> TASK STATEMENT
From the first line to the last, copy the material exactly and leave the pictures out.

──────── GIVEN MATERIAL

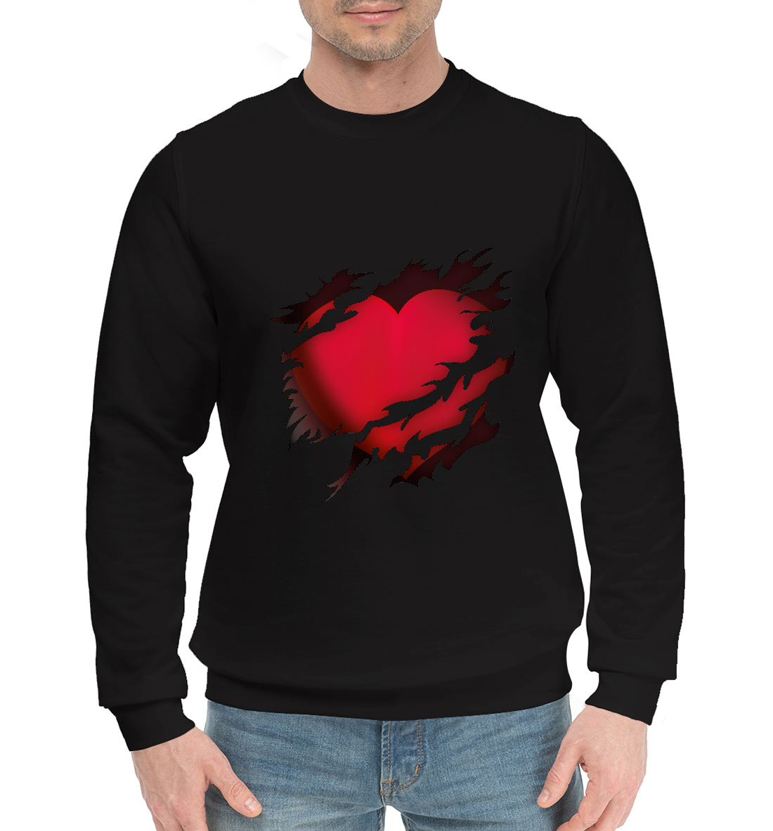 Мужской хлопковый свитшот с принтом «Сердце в разрыве груди»
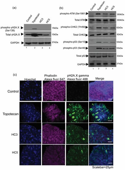 WERI-Rb1 spheroids were treated with an IC50 dose of topotecan, HC3, or HC5 for 48 h. After the treatment time point, the spheroids were carefully rinsed with ice-cold PBS and fixed with 4% paraformaldehyde for 10 min at RT. The spheroids were permeabilized with 0.1% Triton X-100 for 10 min at RT. To assess DNA damage, spheroids were incubated with the p-γH2A.X(Ser139) antibody (1:200, cat#2577, Cell Signaling Technology, Danvers, MA, USA) diluted in 5% BSA/PBS for 1 h at RT. Spheroids were carefully washed twice with 0.02% Tween 20 and 1% BSA in PBS, followed by incubation with Alexa Fluor 488 conjugated anti-rabbit (1:500, cat#A-11008, Invitrogen, Waltham, MA, USA) and Alexa Fluor Phalloidin 647 which stains for F-actin, conjugated with anti-mouse (1:500, cat#A22287, Invitrogen, Waltham, MA, USA) for 45 min at RT. After three washes with 0.02% Tween 20 and 1% BSA in PBS, the spheroid nuclei were stained with Hoechst 33342 for 5 min at RT (1:5000, cat#H1399, Invitrogen, Waltham, MA, USA). The spheroid images were visualized and captured using an upright fluorescent microscope.
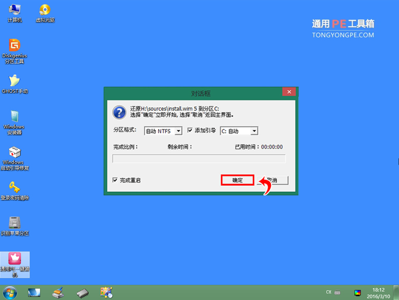 到此,還原完畢了,此時(shí)的這個(gè)完成窗口只會(huì)逗留片刻,無需我們點(diǎn)擊完成按鈕,它會(huì)自動(dòng)重啟電腦了。到此我們屬于通用pe做的事就完成了,接下 來就是系統(tǒng)自己的事了。

────────────────

> WRITTEN SOLUTION
 Мужской хлопковый свитшот с принтом «Сердце в разрыве груди»
 WERI-Rb1 spheroids were treated with an IC50 dose of topotecan, HC3, or HC5 for 48 h. After the treatment time point, the spheroids were carefully rinsed with ice-cold PBS and fixed with 4% paraformaldehyde for 10 min at RT. The spheroids were permeabilized with 0.1% Triton X-100 for 10 min at RT. To assess DNA damage, spheroids were incubated with the p-γH2A.X(Ser139) antibody (1:200, cat#2577, Cell Signaling Technology, Danvers, MA, USA) diluted in 5% BSA/PBS for 1 h at RT. Spheroids were carefully washed twice with 0.02% Tween 20 and 1% BSA in PBS, followed by incubation with Alexa Fluor 488 conjugated anti-rabbit (1:500, cat#A-11008, Invitrogen, Waltham, MA, USA) and Alexa Fluor Phalloidin 647 which stains for F-actin, conjugated with anti-mouse (1:500, cat#A22287, Invitrogen, Waltham, MA, USA) for 45 min at RT. After three washes with 0.02% Tween 20 and 1% BSA in PBS, the spheroid nuclei were stained with Hoechst 33342 for 5 min at RT (1:5000, cat#H1399, Invitrogen, Waltham, MA, USA). The spheroid images were visualized and captured using an upright fluorescent microscope.
 到此,還原完畢了,此時(shí)的這個(gè)完成窗口只會(huì)逗留片刻,無需我們點(diǎn)擊完成按鈕,它會(huì)自動(dòng)重啟電腦了。到此我們屬于通用pe做的事就完成了,接下 來就是系統(tǒng)自己的事了。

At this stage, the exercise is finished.